*** INPUT DATA ***

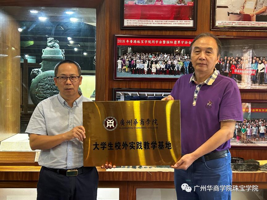 王列耀副校长向汇玉堂国际文化博物馆授予了“广州华商学院大学生校外实践教学基地”牌匾,并向汇玉堂国际文化博物馆负责人张锦洪颁发了“广州华商学院珠宝学院客座教授”证书。
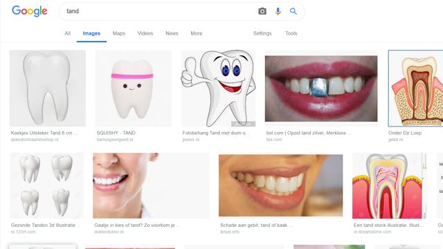 Bovendien heeft een systeem heel veel foto’s van eenzelfde ding nodig om het feilloos te kunnen herkennen. Nu kun je daarvoor wel op Google Images gaan zoeken, maar die database zal niet helemaal accuraat zijn. Zoek bijvoorbeeld eens op ‘tand’. Binnen twintig afbeeldingen heb je al een foto van een kind met een kapotte lip, zonder dat hierop een tand te zien is (tand door de lip).
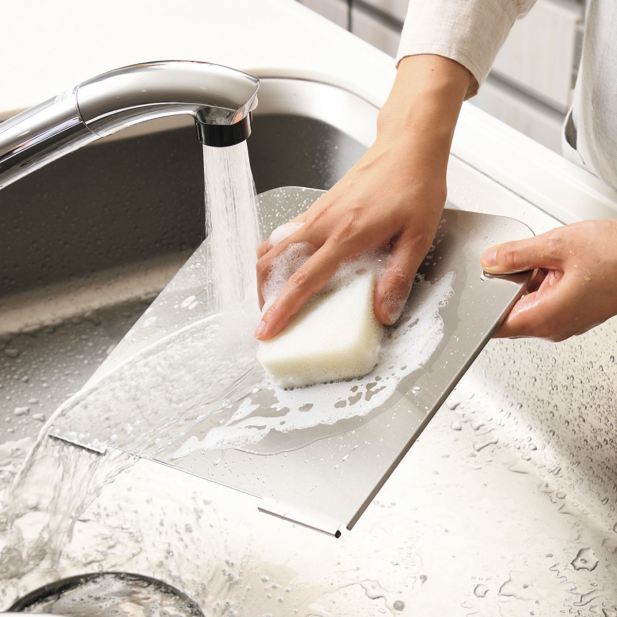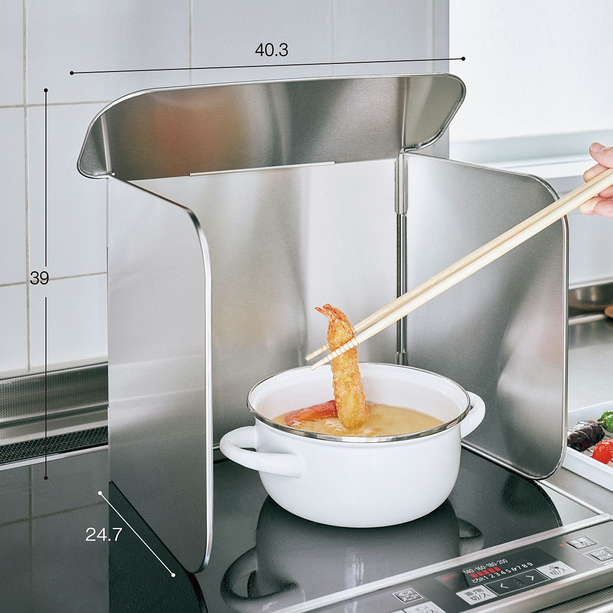 丈夫でさびにくいステンレス製。耐久性があり、汚れが落としやすい。分解すれば、食洗機でも洗えます。コンロの風除けとしても使えるので、アウトドアでも。
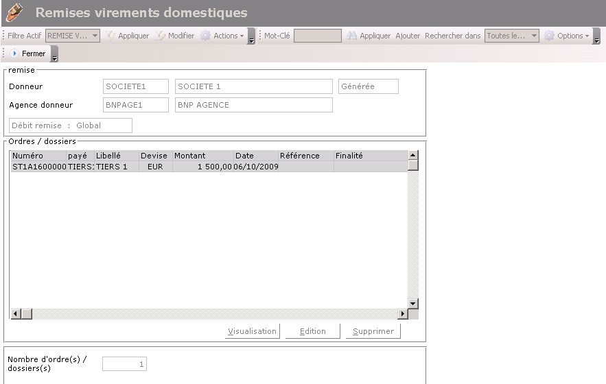 | Remise constituée (préparation des virements) | Générer la remise Enlever des ordres Supprimer la remise |
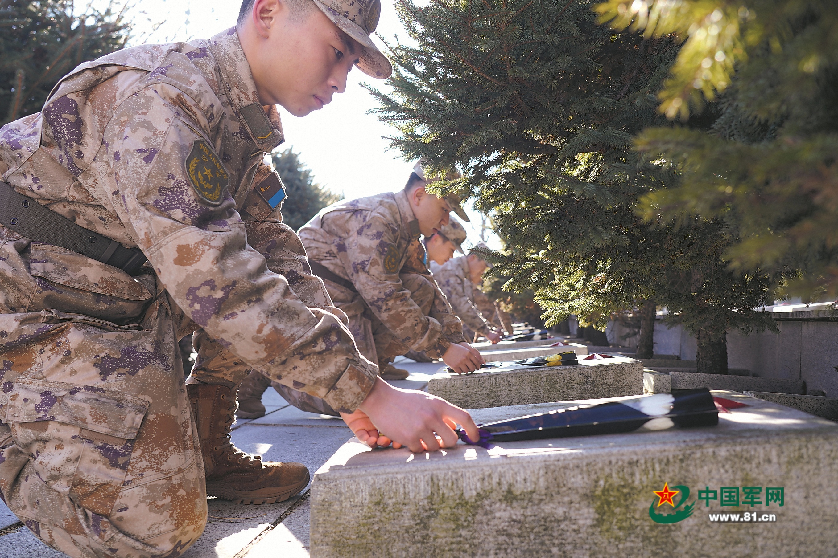 哀乐低回,松柏无声。一名名刚授衔的新兵走到烈士墓前,敬献朵朵鲜花。
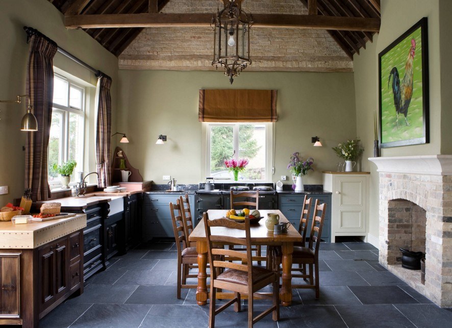 Тяжелые деревянные потолочные балки заменяются на более изящные и легкие, вместо традиционных каминов устанавливаются современные и электрические, да и женщины могут себе позволить дополнить интерьер симпатичными безделушками.
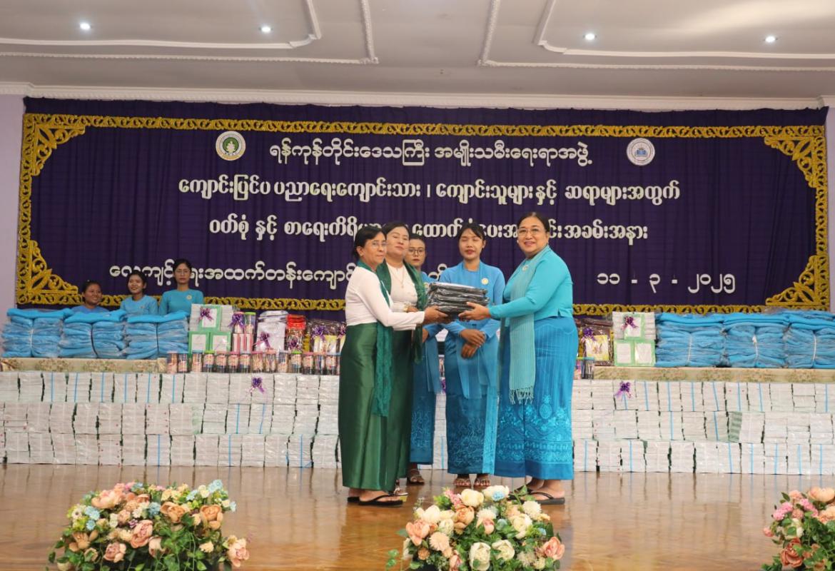 ရန်ကုန်တိုင်းဒေသကြီးအမျိုးသမီးရေးရာအဖွဲ့မှ ကျောင်းပြင်ပပညာရေး ကျောင်းသား/သူများနှင့် ဆရာများအတွက် ဝတ်စုံနှင့်စာရေးကိရိယာများ ထောက်ပံ့ပေးအပ်ခြင်း အခမ်းအနား ကျင်းပ
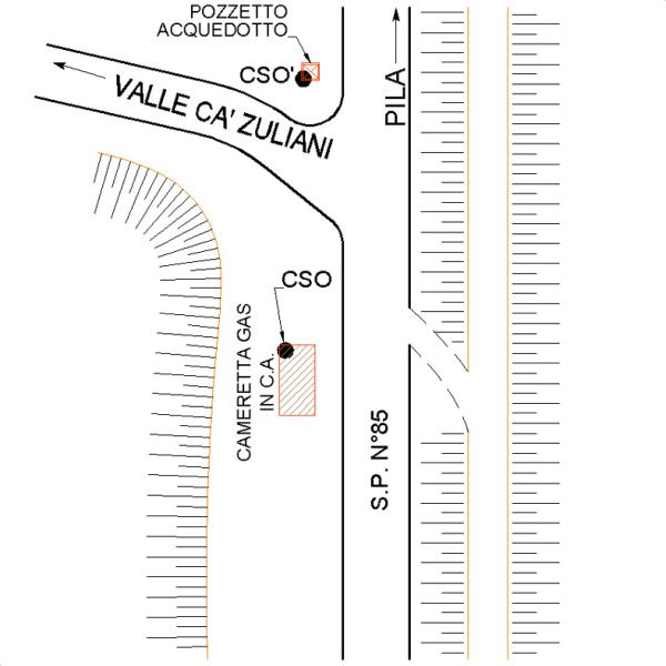 | Contrassegni | [{"simbolo_contrassegno":"B4","materializzazione":"(CSO) – CENTRINO UNIVERSALE (ORIZZONTALE) – in prossimita' dello spigolo di valle, in direzione Pila, della cameretta in c.a. del gasdotto Edison."},{"simbolo_contrassegno":"B2","materializzazione":"(CSO') – CHIODO ANONIMO – nel basamento del pozzetto acquedotto in prossimita' dello svincolo per Ca' Zuliani."}] |
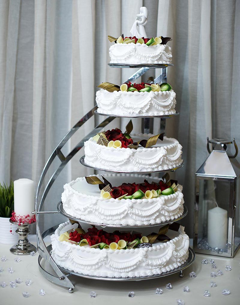Możliwość udekorowania stelaża i tortu żywymi kwiatami za dodatkową opłatą.

*** End of INPUT DATA ***

__TASK REQUIREMENTS__
The entire listing above, word for word and without pictures, is what should be output.

__WRITTEN ANSWER__
 王列耀副校长向汇玉堂国际文化博物馆授予了“广州华商学院大学生校外实践教学基地”牌匾,并向汇玉堂国际文化博物馆负责人张锦洪颁发了“广州华商学院珠宝学院客座教授”证书。
 Bovendien heeft een systeem heel veel foto’s van eenzelfde ding nodig om het feilloos te kunnen herkennen. Nu kun je daarvoor wel op Google Images gaan zoeken, maar die database zal niet helemaal accuraat zijn. Zoek bijvoorbeeld eens op ‘tand’. Binnen twintig afbeeldingen heb je al een foto van een kind met een kapotte lip, zonder dat hierop een tand te zien is (tand door de lip).
 丈夫でさびにくいステンレス製。耐久性があり、汚れが落としやすい。分解すれば、食洗機でも洗えます。コンロの風除けとしても使えるので、アウトドアでも。
 | Remise constituée (préparation des virements) | Générer la remise Enlever des ordres Supprimer la remise |
 哀乐低回,松柏无声。一名名刚授衔的新兵走到烈士墓前,敬献朵朵鲜花。
 Тяжелые деревянные потолочные балки заменяются на более изящные и легкие, вместо традиционных каминов устанавливаются современные и электрические, да и женщины могут себе позволить дополнить интерьер симпатичными безделушками.
 ရန်ကုန်တိုင်းဒေသကြီးအမျိုးသမီးရေးရာအဖွဲ့မှ ကျောင်းပြင်ပပညာရေး ကျောင်းသား/သူများနှင့် ဆရာများအတွက် ဝတ်စုံနှင့်စာရေးကိရိယာများ ထောက်ပံ့ပေးအပ်ခြင်း အခမ်းအနား ကျင်းပ
 | Contrassegni | [{"simbolo_contrassegno":"B4","materializzazione":"(CSO) – CENTRINO UNIVERSALE (ORIZZONTALE) – in prossimita' dello spigolo di valle, in direzione Pila, della cameretta in c.a. del gasdotto Edison."},{"simbolo_contrassegno":"B2","materializzazione":"(CSO') – CHIODO ANONIMO – nel basamento del pozzetto acquedotto in prossimita' dello svincolo per Ca' Zuliani."}] |
Możliwość udekorowania stelaża i tortu żywymi kwiatami za dodatkową opłatą.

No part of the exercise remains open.